Shoutcast and IceCast are classic streaming services. There is a directory of audio streams organized by genre. Anyone who selects a stream gets the same content as everyone on the same stream. There is no way to select albums or songs. Shoutcast has a license to block players having free software modules so the VLC media player has dropped Shoutcast. Fortunately, IceCast provides free streams like Shoutcast once did. However, the directory is a mess. There are a few gems and many lumps of coal. The problem is to find the good ones. VLC shows a big list of IceCast streams. The search feature is good. For example, enter "HearMe" and see a list of Jazz, Blues, Ambient, etc. Right-click on any item to see the metadata.

I am puzzled by this streaming. Why would anyone bother to do it. Who are they trying to serve. How is it costed.

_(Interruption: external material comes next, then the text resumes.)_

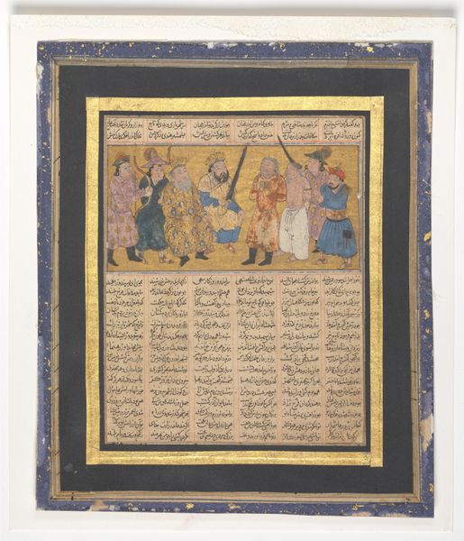 Editor: Here we have "Story of Haftvad," a painting from around 1300, housed at the Minneapolis Institute of Art. The medium is listed as watercolor and ink. It's got such a busy composition, full of figures and text. What do you see in this piece? Curator: From a formalist perspective, I observe a deliberate orchestration of elements that creates a unique visual experience. The composition is neatly structured into horizontal registers of calligraphy framing the imagery, immediately drawing the eye across a clear distinction between text and image. We could analyse it semiotically to try to decode these registers, what would be your take on it? Editor: The calligraphy is almost like a border or frame around the central image, separating and highlighting the art, and the story. The figures, they're clustered in this golden landscape with blue tones. They don't seem to occupy space in a realistic way; they’re arranged for compositional balance instead, like pieces in a design. Curator: Precisely. And consider the artist's employment of colour. Notice the flattening effect – shades do not modulate to create dimension but act in more of a decorative manner, creating symbolic rather than representational impact. Does that flatten the piece overall for you? Editor: It does flatten it somewhat, but there's detail in the figures that grabs my attention; the folds of their robes, their facial features. There’s also this striking contrast between the warm golds and the cooler blues. Curator: The interplay of line, form and colour serves to invite an inquiry of balance and relationships. Do these relationships and construction hint to a broader symbolic understanding, outside its plain viewing? Editor: Possibly! Analyzing the structure gives me so much to consider that I would not have seen at first glance. Curator: Indeed! Appreciating the intrinsic qualities enriches our aesthetic experience.

Spotify and other well known streaming services are not actually streaming... they are file serving. Nothing wrong with that. I suppose they did not know what to call it.
 
In recent versions of librespot (the open-source Spotify library that's backing so many non-official frontends) we first "promote" a 16-bit signal to greater bit depth (well, floating point actually) by scaling it. Then we do software volume control, normalisation, dynamic compression / limiting on it (all optional) before converting to whatever output bit depth you choose -- 16/24/32 bit integer or 32/64 bit float. Advantage being lower quantisation error of any aforementioned DSP pipeline.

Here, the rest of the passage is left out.